Video: Ten thousand march in Copenhagen against anti-gay laws in Russia
Five times the number of participants than were expected took to the streets of Copenhagen earlier this week to protest against Russian President Vladimir Putin, and anti-gay laws passed in Russia.
Ten thousand people turned up to the rally on Tuesday to demonstrate against the Russian laws which ban the promotion of “non traditional relationships”, the adoption of Russian children by foreign same-sex couples, and make it possible for the government to fine groups, including LGBT charities, for receiving foreign donations as “foreign agents”.
Organisers of the demonstrators in the Danish capital had expected 2,000 to turn up to the rally, but media reports out of the country suggest that five times that number attended.

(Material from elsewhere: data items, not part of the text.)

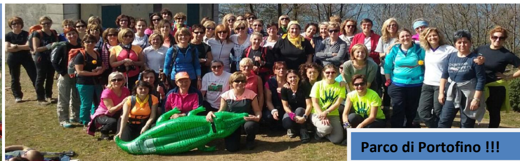
Parco di Portofino !!!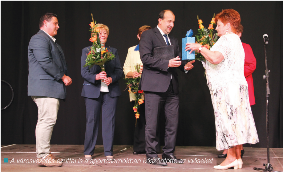
A városvezetés ezúttal is a sportcsarnokban köszöntötte az időseket

VÁROSRESZ NYUGDÍJAS KLUBJAINAK TAGSÁGA VETT RÉSZT.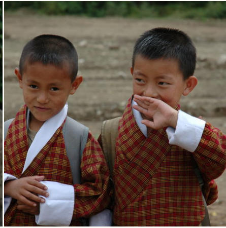
Bhutanesische Schüler, Bhutan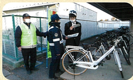
「年末の交通安全運動」の活動で、管内の高校において自転車ヘルメットの着用啓発を実施した。(須高)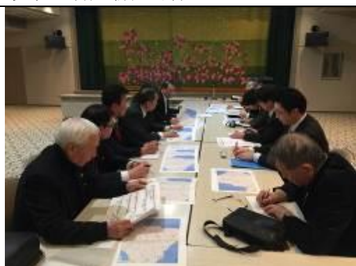
圖 29、意見交換會情形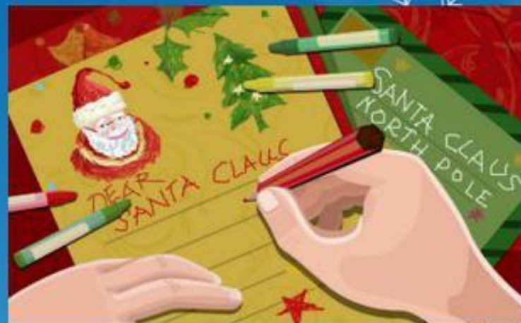
A letter to Santa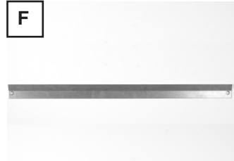
Montageleiste festschrauben. Schrauben und Dübel je nach Untergrund und Anlagengewicht verwenden (bauseits!).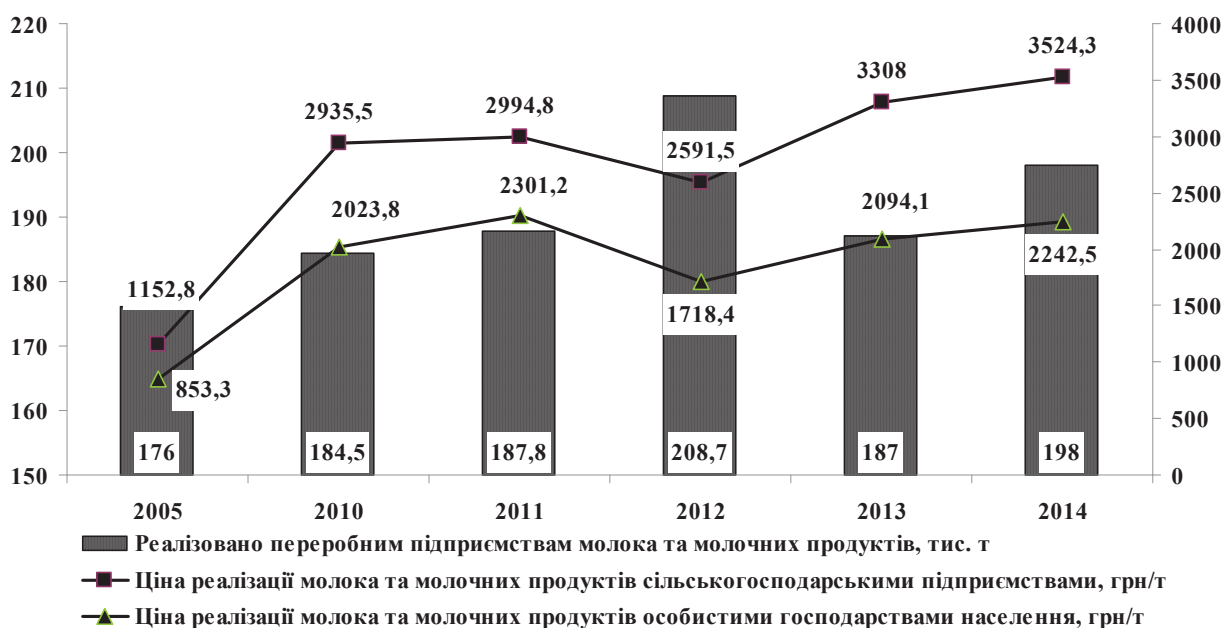
Рис. 2. Динаміка обсягів, цін реалізації молока та молочних продуктів аграрними формуваннями Тернопільської області

The video, posted by Eyes on Denmark, features footage of the 10,000 in attendance, some of whom paint zebra crossings in rainbow colours, carry rainbow balloons, and placards protesting the Russian laws.
Denmark’s Foreign Minister, Villy Søvndal warned Russia they would raise the issue at the European Council and potentially take the issue to the United Nations should Russia continue down its current path. He said: “The law is objectionable. It risks fostering discrimination and the abuse of minorities in Russian society – something we have already seen examples of, and to which the law gives the stamp of approval. We will hold Russia to its international obligations.”
President Vladimir Putin signed the law in June banning the promotion of “non-traditional relationships” toward minors, a move that has been criticised as part of a broader crackdown on Russia’s gay community. Other laws banning the adoption of Russian children by foreign same-sex couples, and one which enables organisations receiving funding from abroad to be fined as “foreign agents”, were also passed.
The laws have so far sparked controversy among LGBT activists, with some calling for a boycott of the 2014 Games. Others have also called to boycott Russian vodka as a form of protest.